Difference between "undefined" and "does not exist"

What is the difference between the terms "undefined" and "does not exist", especially in the context of differential calculus?

Most calculus materials state, for example, that $\frac{d}{dx}{|x|}$ does not exist at $x = 0$. Why don't we say that the derivative is undefined at $x = 0$?

Solution 1:

In the particular example you gave: The derivative is defined as $\lim_{h\to 0} \frac{f(x+h) - f(x)}{h}$ and, as it is with limits, this limit may or may not exist. In the case $f(x) = |x|$ and $x=0$ the limit just does not exist and hence, this is the right wording. On the other hand there are possible definitions of a derivative of $f(x) = |x|$ at zero (e.g. using convex analysis one may define it to be the whole interval $[-1,1]$) and hence, it seems appropriate to say that the derivative is undefined.

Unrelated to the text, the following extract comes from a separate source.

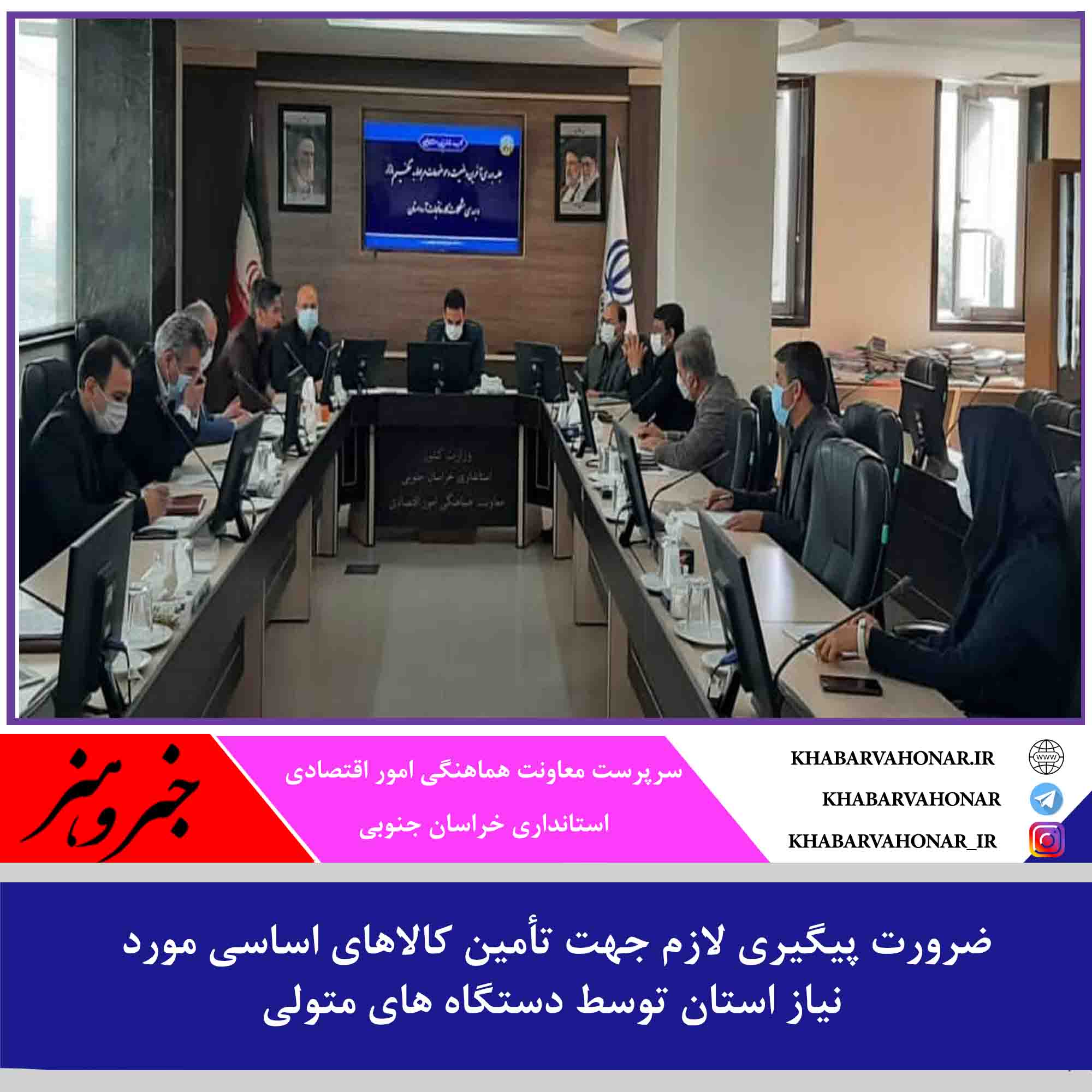سرپرست معاونت هماهنگی امور اقتصادی استانداری خراسان جنوبی بر ضرورت پیگیری لازم جهت تأمین کالاهای اساسی مورد نیاز استان توسط دستگاه های متولی تأکید کرد.

In general "does not exists" and "is undefined" are very different things at a practical level. The former says that there is a definition for something which does not lead to a mathematical object in a specific case. The latter says that there is just no definition for a specific case. Of course, one can interchange both formulation some times (as in you example, at least in my opinion).

Solution 2:

There is a little subtlety not addressed so far:

Given a function $f:\ A\to\Bbb R$ on an open set $A\subset\Bbb R$ and a point $x\in A$, you can ask whether $f$ is differentiable at $x$. The function $f$ is differentiable at $x$ (or: has a derivative at $x$) if the limit $$\lim_{h\to0}{f(x+h)-f(x)\over h}\tag{1}$$ exists and is finite. This limit is called the derivative of $f$ at $x$ and is denoted by $f'(x)$.

The set $A'$ of all $x\in A$ where the limit $(1)$ exists, is the domain of a new function $f'$ associated to $f$. This new function is called the derivative of $f$.

When $x\in A'$ then we say that $f'$ is defined at $x$.